Guideline for how to declare variables in a range-based for loop
A question which comes up every now and then is what type of loop variable you should use for range-based for, particularly when no mutation takes place.
// case (1) - cheap to copy
for (int x : container) // disallowed in this form by Con.1, should be 'const int'
// vs
for (const int &x : container)
// case (2) - expensive to copy
for (string x : container) // disallowed in this form by ES.71, should be 'const string &x'
// vs
for (const string &x : container)
I think we should recommend to always declare the loop variable as a reference, never as a value, and here's why:
- The rule is simple and consistent.
- When mutating a
T&variable in the loop, you are already forced to follow it by the language. - If you aren't, and you have case (2), then ES.71 already tells you to.
- Otherwise, if you are following Con.1, then
const T xis only one character away fromconst T &x, so it costs very little effort to follow this rule. - It is possible and relatively easy to enforce with automatic tooling.
- It prevents bugs related to taking the address of the local variable, instead of taking the address of the object within the container.
- Even for weird iterators like
std::ranges::iota_view::iterator, where theirreferenceis actually a value, this method is robust becauseconst&allows for temporary materialization.
In essence, I don't see any benefit to non-reference loop variables, and the alternative is consistent, easy, correct by default, and already recommended in part.
Consider the following issues with using by-value range-for variables:
// Scenario (1): the author does modify 'x' within the loop, so they intentionally make 'x' mutable.
// This conforms with CppCoreGuidelines.
for (int x : container) {
x = ...; // POSSIBLE BUG, did they mean to modify the 'x' within the container?
int y = x;
y = ...; // OK, intent is clear :)
// It is obvious that the author meant to modify a local copy.
}
// Conclusion: the author should have used 'const int' or 'const int&' as a loop variable,
// and a mutable variable in the body.
// Scenario (2): the author takes the address of a local variable in the loop.
for (const int x : container) {
use_address(&x); // POSSIBLE BUG, did they mean to take the address of the 'x' within the container?
const int y = x;
use_address(&y); // OK, intent is clear :)

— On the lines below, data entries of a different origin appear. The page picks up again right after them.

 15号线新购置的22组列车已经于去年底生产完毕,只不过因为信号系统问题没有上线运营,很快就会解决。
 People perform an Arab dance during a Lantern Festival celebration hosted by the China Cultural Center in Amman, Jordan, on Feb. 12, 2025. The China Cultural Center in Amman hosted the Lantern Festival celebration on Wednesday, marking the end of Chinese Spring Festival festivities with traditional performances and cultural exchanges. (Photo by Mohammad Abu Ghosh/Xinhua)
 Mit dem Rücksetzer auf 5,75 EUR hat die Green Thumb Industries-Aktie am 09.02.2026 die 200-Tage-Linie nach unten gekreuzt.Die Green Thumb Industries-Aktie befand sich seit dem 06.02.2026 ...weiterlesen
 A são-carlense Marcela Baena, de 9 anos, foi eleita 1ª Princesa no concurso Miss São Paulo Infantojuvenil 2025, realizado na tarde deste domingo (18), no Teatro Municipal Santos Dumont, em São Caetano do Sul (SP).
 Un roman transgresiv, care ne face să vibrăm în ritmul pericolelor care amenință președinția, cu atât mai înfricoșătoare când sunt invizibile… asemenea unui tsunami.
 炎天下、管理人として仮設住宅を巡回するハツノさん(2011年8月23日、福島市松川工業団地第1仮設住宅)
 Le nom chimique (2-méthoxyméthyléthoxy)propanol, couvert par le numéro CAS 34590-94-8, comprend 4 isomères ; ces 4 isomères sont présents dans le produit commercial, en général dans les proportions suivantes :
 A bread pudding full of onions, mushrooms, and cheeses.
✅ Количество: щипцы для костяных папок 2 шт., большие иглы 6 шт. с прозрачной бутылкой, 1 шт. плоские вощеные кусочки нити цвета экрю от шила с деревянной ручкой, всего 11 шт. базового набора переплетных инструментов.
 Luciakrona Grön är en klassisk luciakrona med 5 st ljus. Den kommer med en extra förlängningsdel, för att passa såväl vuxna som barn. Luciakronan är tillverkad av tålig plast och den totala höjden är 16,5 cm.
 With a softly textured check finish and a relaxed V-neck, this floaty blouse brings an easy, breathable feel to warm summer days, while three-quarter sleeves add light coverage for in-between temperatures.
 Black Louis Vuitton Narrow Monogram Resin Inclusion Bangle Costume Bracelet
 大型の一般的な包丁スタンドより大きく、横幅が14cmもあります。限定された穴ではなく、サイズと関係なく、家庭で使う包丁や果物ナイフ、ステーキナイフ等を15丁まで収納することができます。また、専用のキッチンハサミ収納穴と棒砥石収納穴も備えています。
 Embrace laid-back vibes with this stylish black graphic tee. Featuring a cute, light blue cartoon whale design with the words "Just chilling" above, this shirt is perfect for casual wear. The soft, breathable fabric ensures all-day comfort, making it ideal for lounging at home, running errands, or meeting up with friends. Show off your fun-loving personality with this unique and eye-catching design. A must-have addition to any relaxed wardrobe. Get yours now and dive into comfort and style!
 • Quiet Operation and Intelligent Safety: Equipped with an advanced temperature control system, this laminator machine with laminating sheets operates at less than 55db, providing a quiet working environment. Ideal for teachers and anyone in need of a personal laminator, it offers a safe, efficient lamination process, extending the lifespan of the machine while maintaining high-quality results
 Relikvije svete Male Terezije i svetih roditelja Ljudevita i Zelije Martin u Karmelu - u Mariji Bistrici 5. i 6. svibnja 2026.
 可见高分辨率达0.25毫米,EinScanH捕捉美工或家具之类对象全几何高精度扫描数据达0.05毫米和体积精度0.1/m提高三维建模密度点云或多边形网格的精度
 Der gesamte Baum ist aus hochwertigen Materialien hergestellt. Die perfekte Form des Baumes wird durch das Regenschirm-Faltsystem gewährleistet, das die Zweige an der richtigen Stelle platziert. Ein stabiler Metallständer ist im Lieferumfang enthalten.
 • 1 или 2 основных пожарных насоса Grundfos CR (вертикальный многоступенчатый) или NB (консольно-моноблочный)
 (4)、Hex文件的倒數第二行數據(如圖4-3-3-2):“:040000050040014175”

// It is obvious that the author meant to take the address of a local variable.
}
// Conclusion: the author should have used 'const int&' as a loop variable,
// and a 'const' variable in the body.
In both of these examples, if the author had consistently used const int&, their intent would have been conveyed much more clearly. Both these examples look suspiciously like a bug when working with by-value loop variables.
So i just browsed through the guidelines because I thought I remembered reading some pipeline specifically about for (auto& a : b). I distinctly remember getting confused over which type a would end up with, at one point. It turns out that this construct only turns up in examples. But maybe those can be used as a precedence?
Most of those examples (e.g. P.3, ES.42, ES.55 and ES.71) use either const auto& or auto&. The only example which did not use a reference as in ES.85, and that's a "bad" example.
There are also people who default to for (auto&& a : b) in all cases, to avoid one potential corner case.
related #1011
I was looking through the guidelines and noticed that there wasn't much advice in general about using auto. The closest one is ES.11 which says to use auto but not how. Maybe that rule can be expanded with special cases mentioned for for loops?
I think it will be a difficult rule to write because there are many different coding styles and corner cases. To be consistent maybe T vs const T& should match the guidance in F.16 in params?
Using auto* for pointers is common too. Many static analysis tools flag that (clang's readability-qualified-auto). Think that should be recommended?